They claim such systems jeopardize public safety, are aimed at generating municipal revenue or invade privacy. In some ways, such cameras do smack of Big Brother, and people understandably fear that successful programs will lead to even more monitoring. Seems like a slippery slope.

DATA AVAILABLE

But how successful are these systems at improving safety? I decided to investigate, with focus on photo red-light cameras, where there is abundant, statistically rigorous, peer-reviewed data available.

In general, the data on the effectiveness of these cameras seems nothing short of compelling. Especially if you don’t cherry-pick factoids to suit your position, as seems to happen with arguments used by proponents and opponents of such cameras. Unlike opinions, not all data are valid nor equal in stature.
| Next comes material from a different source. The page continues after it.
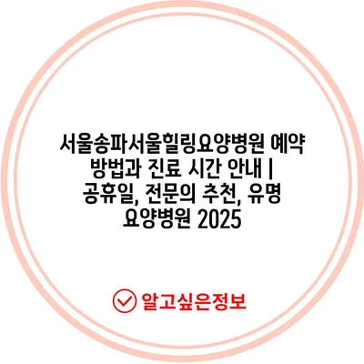서울송파서울힐링요양병원 예약 방법과 진료 시간 안내 | 공휴일, 전문의 추천, 유명 요양병원 2025
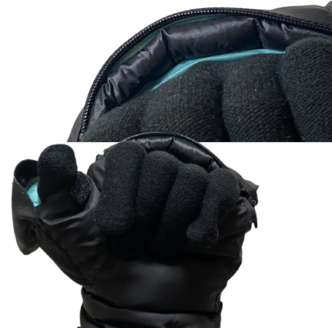 カイロなどを入れる手の甲側のポケットジッパー(お写真1枚目)と、手のひら側の、指を出す用ジッパー(お写真2枚目)がございますが、この度ジッパーは、内側に縫い込まれ、外側から見えない仕様になりました。

In nearly every country where such cameras have been employed in traffic management plans, they tend to drastically reduce violations, injuries and fatalities. And they typically have a spillover benefit, reducing red light running at nearby intersections. In most municipalities, the revenue they generate is almost inconsequential, especially when compared to system installation and maintenance costs and the personnel and infrastructural costs required to achieve similar improvements in safety. Finally, their financial impact pales in comparison to the liability and “costs” of avoidable permanent injuries and fatalities.

But like speed violation cameras, red light cameras are no panacea. Here in Colorado, they’re one tool in the suite of countermeasures used to make intersections safer. They’re employed in sync with other traffic engineering solutions, such as extending the time yellow lights are illuminated or programming intersection lights so they all are simultaneously red for a moment. Like automated cameras at railroad crossings and construction zones, red light cameras appear to be optimally effective in accident-prone intersections where police monitoring isn’t practical or where physical infrastructure can’t easily be changed, such as by replacing an intersection with a roundabout.

But was my friend Heidi’s experience just a fluke? Not really — most of us are two degrees of separation from an incident. For example, every time we enter a busy intersection, we’ve got about a 1 in 1,000 to 1 in 15,000 chance of encountering a red-light runner. Seems low, until one considers how many stoplights we drive through every day. And how many days we drive each year. Whoa.

PUBLIC PRIVILEGE

But should safety trump privacy, or become an inroad for government surveillance? It seems the Supreme Court as well as local courts have spoken to the heart of the issue. Driving on a public road does not afford Fourth Amendment privacy protections, largely because driving is a regulated activity that occurs in public, not in private. Because your driving is a granted and agreed-upon privilege, municipalities have the right to deter you from and cite you for breaking the law.

Concerned about Big Brother? Such automated systems are less invasive overall because they don’t profile drivers nor do they examine vehicle interiors or driver/passenger behaviors like police officers might. And they certainly don’t check to see if the pulled-over driver has the munchies.

And my friend Heidi? She was luckier than most. After surfing with her last week, the only thing different I noticed was a big bump of scar tissue on her shoulder. And a renewed sense of caution in the street.